The historiography of psychoanalysis, as it was inaugurated by Sigmund Freud in his 1914 essay “History of the Psycho-Analytic Movement”, opened with furious polemics against his dissidents and detractors. In this text Freud depicted himself as the only inventor of psychoanalysis.
Since then, any attempt to historicize psychoanalysis has had to deal with this Freudocentric account: either by sustaining it or by attacking it. Up to the present day, psychoanalytic historiography has remained trapped in this Manichaean logic, with the result being that an orthodox camp seeks to erect Freud as a monument while a heretical camp does its best to smash it by pointing to the importance of neglected figures in the history of the unconscious. Whereas “Remember Freud!” serves as the battle cry of the first camp, “Forget Freud!” is the answer of the second camp.
“Forgetting Freud?” is conceived as an event that should allow us to leave this polemical field of psychoanalytic historiography. The aim of this conference is to bring together scholars whose work has led to a questioning of this tradition and to different ways of writing the history of psychoanalysis.

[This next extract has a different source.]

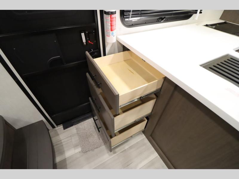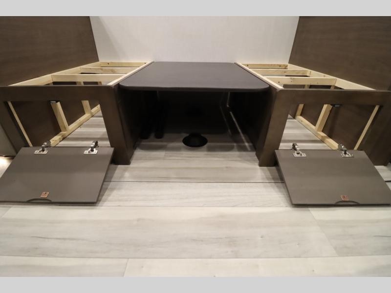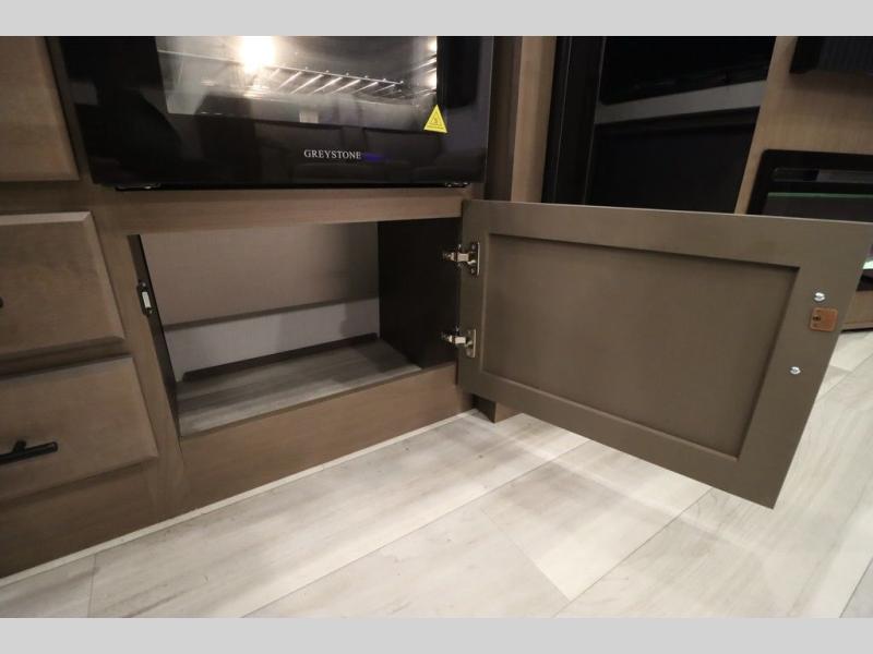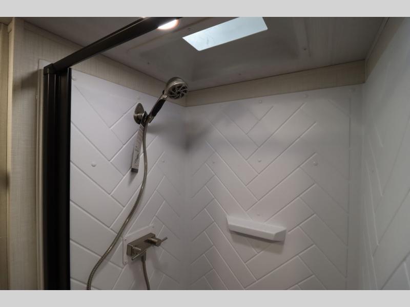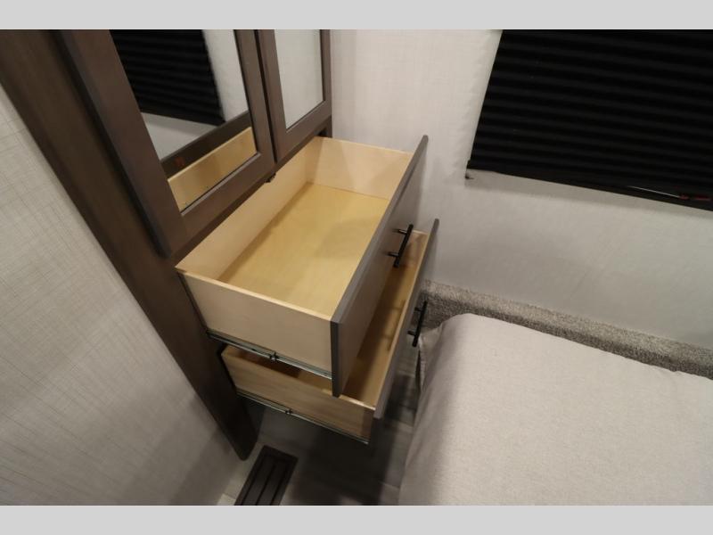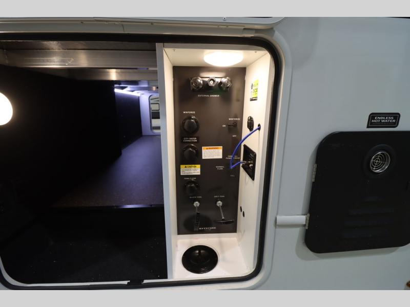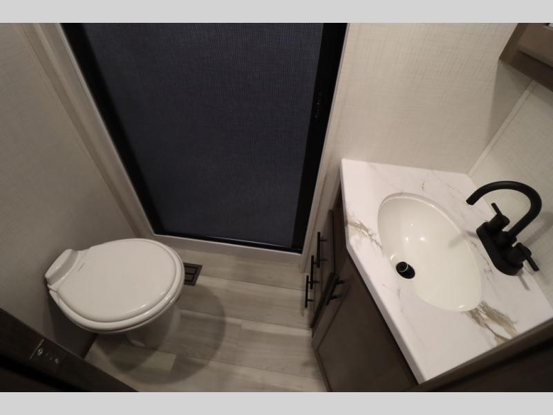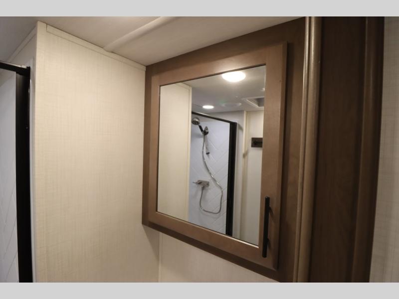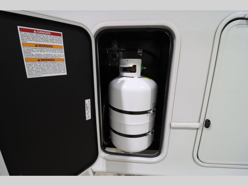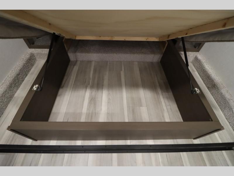The Cougar Sport structural I-beam frame with stamped steel cross-members and outriggers, plus its AlphaPly roof membrane are what active RVers love about the construction of the Cougar line. The Cougar Sport models are no exception when it comes to a great package, as well as being smaller and lighter weight than their big brother Cougar models. A one-piece, heated and enclosed polypropylene underbelly will add protection against the elements, and the electric stabilizer jacks will provide more stability. On the inside, residential shaker style hardwood cabinet doors and decorative crown molding, plus seamless pressed countertops and an on-demand water heater will make your unit feel even more like home. You are also sure to appreciate the shiplap style decorative accent wall behind the bed, a porcelain foot flush toilet in the bathroom, plus residential kitchen hardware, and so much more.

Approaches will be discussed that allow the unique aspects of the psychoanalytic production of knowledge to be explored.
The conference will be organized around three main lines: (1) A theoretical “metahistorical” reflection on the relationship between psychoanalysis and historiography; (2) the genealogy of psychoanalysis with regard to other experimental techniques of making “subjects” (such as hypnotism and suggestion) and (3) the epistemological and political implications of past and present forms of “memory politics”.